Wednesday, March 22, 2006

my heart's reasons


There are those days when the logical mind says, you must move on and do a better job of supporting yourself.

Those days when the logical mind say, why did you choose this career, it is not reasonable.
If the heart can still the mind, then the answers are apparent.
Perhaps logic did not play a great part in choosing our jobs as teachers.
If we are truly teaching life's most important lessons to the little ones.
The lesson of love, to love oneself unconditionally and to share that love with others.
Perhaps we were guided and chosen to be in this place.
For teaching love in a crowded, confused and often angry world,
is not something everyone can do.
Though our wallets may not be overflowing,
How many people are hugged and told they are loved by the people they work with each day?
How many people own original art works created expressly for them?
How many jobs allow you to wipe away tears and make the world a better place for others?
How many people are allowed to see a tired, weary world through fresh new eyes, where all things are possible,
To hear laughter and joy for no big reason, just for being.
When the logical mind say, what are you doing teaching young children,
Listen to your heart one more time.

- from What Are You Doing Teaching Preschool (Original Author Unknown)

Tuesday, February 14, 2006

what dreams may come


a taste of what's (or who's!) to come, perhaps? :)

this was one of the last fortune cookies i had last Chinese New Year. when i read my fortune, i remembered one of my recent astral travels. well, i definitely like this cookie better than my "blind date!" hehe.

of course, i saved this shot just for today. this is dedicated to all you hopeless romantics out there...and the cynics? well, this is for you, too! after all, everybody deserves a little lovin' ^_~

aaah, i just love Valentine's day...flowers, chocolates, kisses, hugs...doesn't it make you feel that everything will be alright in this world? and, as the Beatles said, All We Need Is Love! now if only some of that lovin' got showered down my way. hehe. :D

to my single and available friends, this fortune is my Valentine wish for you. as for the committed ones, i hope you've found The One. :)

happy hearts day, everybody!

Monday, January 23, 2006

in my dreams

i've shared before that i am a visual person.


being such, i usually have vivid dreams. i remember almost every detail - what i was wearing, where i was, who was/were with me, what happened, what i said...well, you get the idea.

last night, i had one of the funniest nightmares ever.

yes, you read right. it was a nightmare, but a funny one.

how so?

well, here's what happened in my dream...

i woke up to the sound of my cellphone's alarm. as i sat up, i saw my mama frantically rummaging through my closet.

what was she doing?

in her crazy search, it seemed that she didn't even notice i was awake, staring blankly at her. soon, her head was swallowed by the sea of hanging shirts and jackets.

after several seconds of watching her, i suddenly remembered our conversation a few days ago. she casually informed me that i was going to get married. soon. she planned everything already, from the date, to the church and reception, down to the groom. i just laughed then.

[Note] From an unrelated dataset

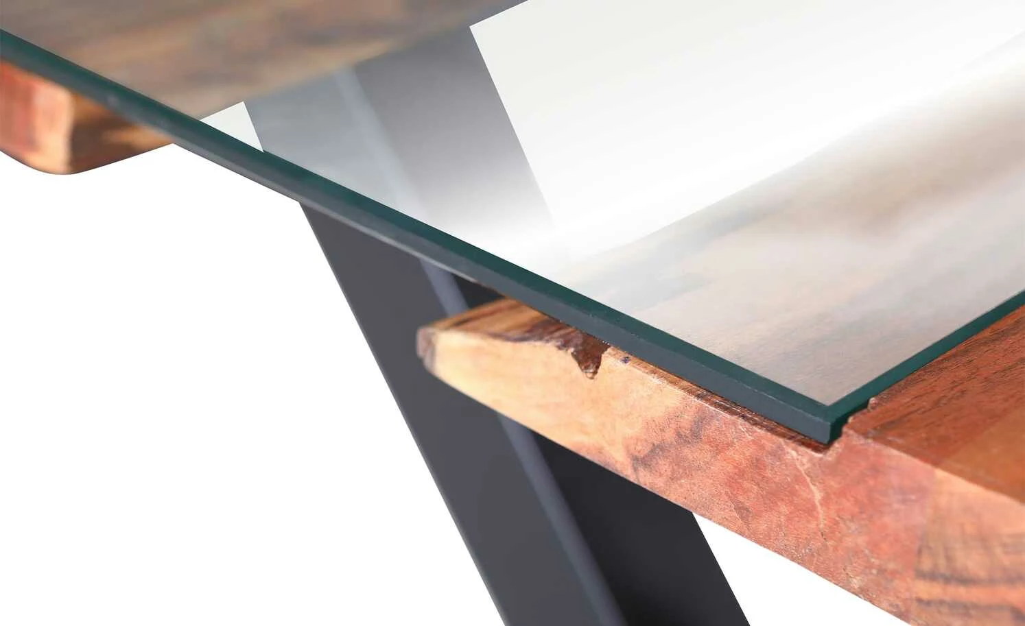 - Mehr zu Ausstattung / Funktion: Tischplatte mit eingelegtem Sicherheitsglas , mit echter Baumkante

i remembered today was the supposed day.

still unsure of what she was doing in my closet, i jokingly asked her, "What time is the wedding?"

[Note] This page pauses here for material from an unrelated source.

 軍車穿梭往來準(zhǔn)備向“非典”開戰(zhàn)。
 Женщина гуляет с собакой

"3 o'clock," was her muffled reply.

ah, i was right. i nodded in confusion. is she really trying to prove her point? wasn't it a joke?

"aah, ma, nobody knows about it yet." two can play this game, you know.

she sighed in impatience and turned to look at me.

"ma, sino yung lalake?" ("ma, who's the guy?")

"yung anak ng kaibigan ko. yung-" ("the son of my friend. the-")

"ha?!? ma, seryoso ka ba??" i exclaimed. i practically jumped out of my bed in panic. ("ha?!? ma, are you serious??")

mama had an incredulous look on her face. arms akimbo, she glared murderously at me.

before she even had a chance to retort, i added, "e sino yun?? ano itsura nya??" ("who's that?? what does he look like??") sheesh, i couldn't believe my "dream self" actually asked that question before anything else. am i that superficial??

"matangkad sya! mabait! at very generous pa!" she spat angrily ("he's tall! nice! and very generous, too!"). the fact that she answered my innocent question by describing his height and personality gave me an idea of what he looked like already.

as she went on and on about what an "amazing" guy he was, i felt myself getting paler by the second. i was getting married???? today??? to a guy that I HAVE NEVER EVEN MET???

this was insane!!

as she continued her earlier mission of searching my closet, i realized that she was actually looking for a wedding dress! IN MY CLOSET!!! do i look like somebody who has a wedding dress stashed in her room??? i mean, ok, so i've planned my wedding already. but i'm not that prepared!!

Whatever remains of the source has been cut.